Bei der praktischen Durchführung der Übungen sollten von Beginn an grundlegende Aspekte zur Sicherheit des Einzelnen beachtet werden. Man kann in diesem Zusammenhang auch von den „goldenen“ Regeln der Gymnastik sprechen, die jeder Teilnehmer verinnerlichen sollte:
• Die Übung darf keine Schmerzen verursachen. Ist dies doch der Fall, so ist die Übung sofort abzubrechen.
• Die Übung sollte anstrengen, sie darf jedoch nicht überanstrengen. Es sollte sich während der Ausführung kein Gefühl der „völligen Erschöpfung“ einstellen. In jedem Falle ist die Übung auch hier vorher abzubrechen. Die Belastung sollte somit eher als angenehm empfunden werden.
• Einsatz des subjektiven Belastungsempfindens: Wird die Ausführung einer Übung als „leicht-mittel“, „mittel“ bzw. „mittel-schwer“, also im mittleren Bereich, beschrieben, so ist die Belastung individuell richtig gewählt. Grundlage ist hierfür die siebenstufige Skala des subjektiven Belastungsempfindens (vgl. Buskies & Boeckh-Behrens, 2009):
Wie schätzen Sie Ihre Beanspruchung während der Aktivierungsstunde ein?
□ | 1 | sehr leicht |
□ | 2 | leicht |
□ | 3 | leicht-mittel |
□ | 4 | mittel |
□ | 5 | mittel-schwer |
□ | 6 | schwer |
□ | 7 | sehr schwer |
• Lassen Sie sich von den Teilnehmern rückmelden, wie schwer sie die Beanspruchung empfinden. Machen Sie deutlich, dass es hier kein „Richtig“ oder „Falsch“ gibt, sondern dass es wichtig ist, dass die Teilnehmer ihre tatsächlich wahrgenommene Belastung rückmelden. Wissenschaftliche Studien der Universität Bayreuth haben gezeigt, dass diese Trainingssteuerungsmethode sehr genau ist, wenn sie mit den Teilnehmern oft geübt wird.

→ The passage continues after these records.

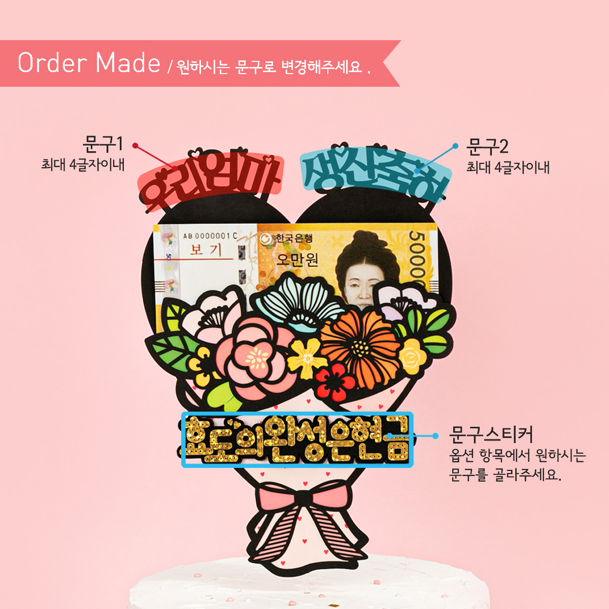| -------------------------------------------------- ✔️ 배송 일정 관련 중요 공지 ---------------------------------------------------- - 본상품은 주문 제작 상품으로 주문 제작에 평균 1~2일 정도 일정이 소요되고 있습니다. - 주문완료시 바로 제작에 들어가므로 취소가 불가합니다. 😭 신중한 구매 부탁드려요! -------------------------------------------------- ✔️ 문구 제작 관련 중요 공지 ---------------------------------------------------- - 특수문자 입력은 어렵습니다. 특수문자(♡!~&^^$# 등)를 요청하셔도 특수문자는 빼고 제작을 진행합니다. 하트는 저희가 작업하면서 기본적으로 넣어 드리고 있습니다. |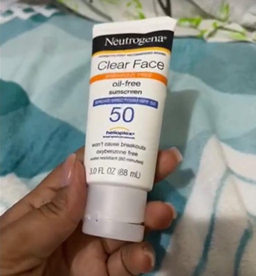 Experience superior sun protection with Neutrogena's Clear Face Sunscreen SPF 50, with UVA/UVB sun protection, designed specifically for oily and acne-prone skin. This lightweight, matte sunscreen for face offers Broad Spectrum SPF 50 protection against both skin-aging UVA and skin-burning UVB rays. Formulated with Helioplex Technology, this facial sunscreen is oxybenzone-free, oil-free, and fragrance-free, ensuring it won't cause breakouts. Its water-light texture provides a weightless, matte finish, making it an ideal face SPF for daily use. Neutrogena Sunscreen is water-resistant for up to 80 minutes, apply this dermatologist-tested face sunscreen before sun exposure to keep your skin protected during outdoor activities like gardening, hiking and biking. Regular use, as directed with other sun protection measures, can help decrease the risk of skin cancer and early skin aging. Enjoy the outdoors with confidence using Neutrogena's Clear Face Sunscreen for oily skin.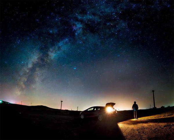 于海童 如果你准备开始第一次星空探索之旅,在了解天文和摄影的必备知识之前,请一定要注意自己的安全!理想的星空拍摄地夜间伸手不见五指,必须提前在白天踩点,否则别说在黑暗中难以寻找理想的机位,还很容易发生陷车、失足等意外。 北方秋冬的郊外、没有遮挡的山顶、西部的高海拔地区,这些拍摄星空的常见去处在夜晚经常有大风低温,请务必携带比你想象中更厚的保暖衣物(图2-3)。而南方的夏夜中,在林间和水边少不了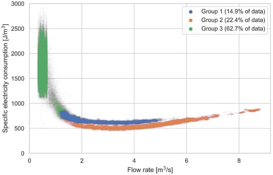 Flow vs. specific power consumption for the supply fan in “ventilation system 1”. The data points are separated in three color groups according to graph coordinates. Color groups 1 and 2 indicate two clearly separated “belts” following slightly different flow rate and specific power correlations. Color group 3 contains the rest of the data points.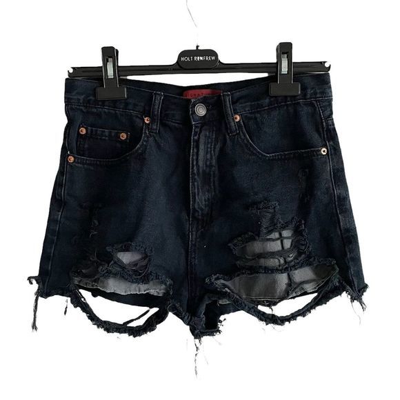 SIGNATURE 8 High Waisted Cut Off Denim Jean Shorts Destruction Black M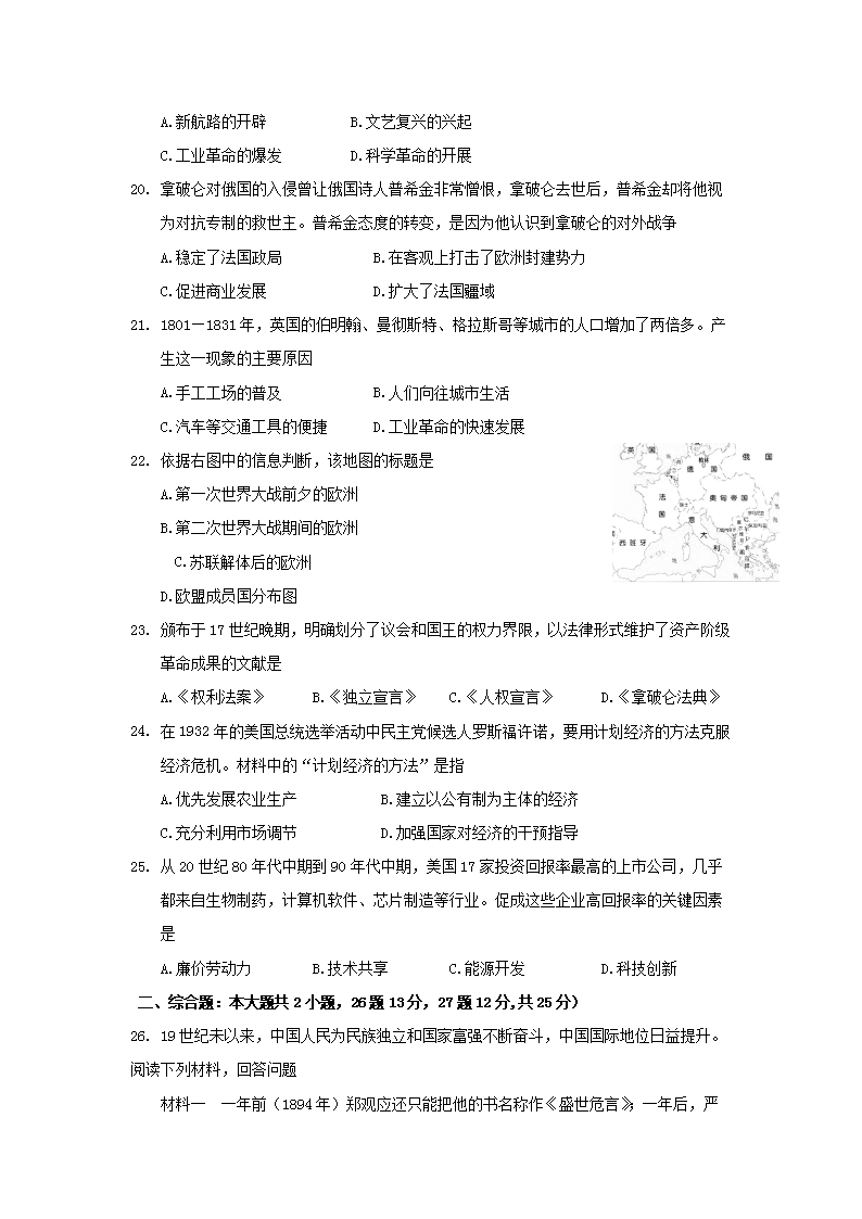 【文档名称】 2017年广东省茂名市中考历史真题及答案(Word版).doc

• Während der Übungsausführung die Atmung beachten! Es sollte bewusst und kontinuierlich ein- und ausgeatmet werden, Pressatmung bzw. Luftanhalten sind unbedingt zu vermeiden.
• Die Körperposition während einer Übung sollte der aufrechte Sitz bzw. der aufrechte Stand hinter dem Stuhl sein (nähere Erläuterung in Kap. 4.1.1.2). Auch der Kopf sollte aufrecht auf den Schultern gehalten werden.
Diese „goldenen“ Regeln sollten von der ersten Stunde an einstudiert, betont und immer wieder wiederholt werden.
1 Laut Definition beginnt das vierte Lebensalter zu dem Zeitpunkt, zu dem die Hälfte der ursprünglichen Geburtskohorte gestorben ist. In den westlichen Industrieländern ist das bei ca. 80 Jahren der Fall (Baltes, 2003).
2 Unter dem Begriff Altenpflegeeinrichtungen werden sämtliche teil- und vollstationären Betreuungs- und Pflegeeinrichtungen für alte Menschen, wie z. B. Altenpflegeheim, Altenheim oder betreutes Wohnen, verstanden.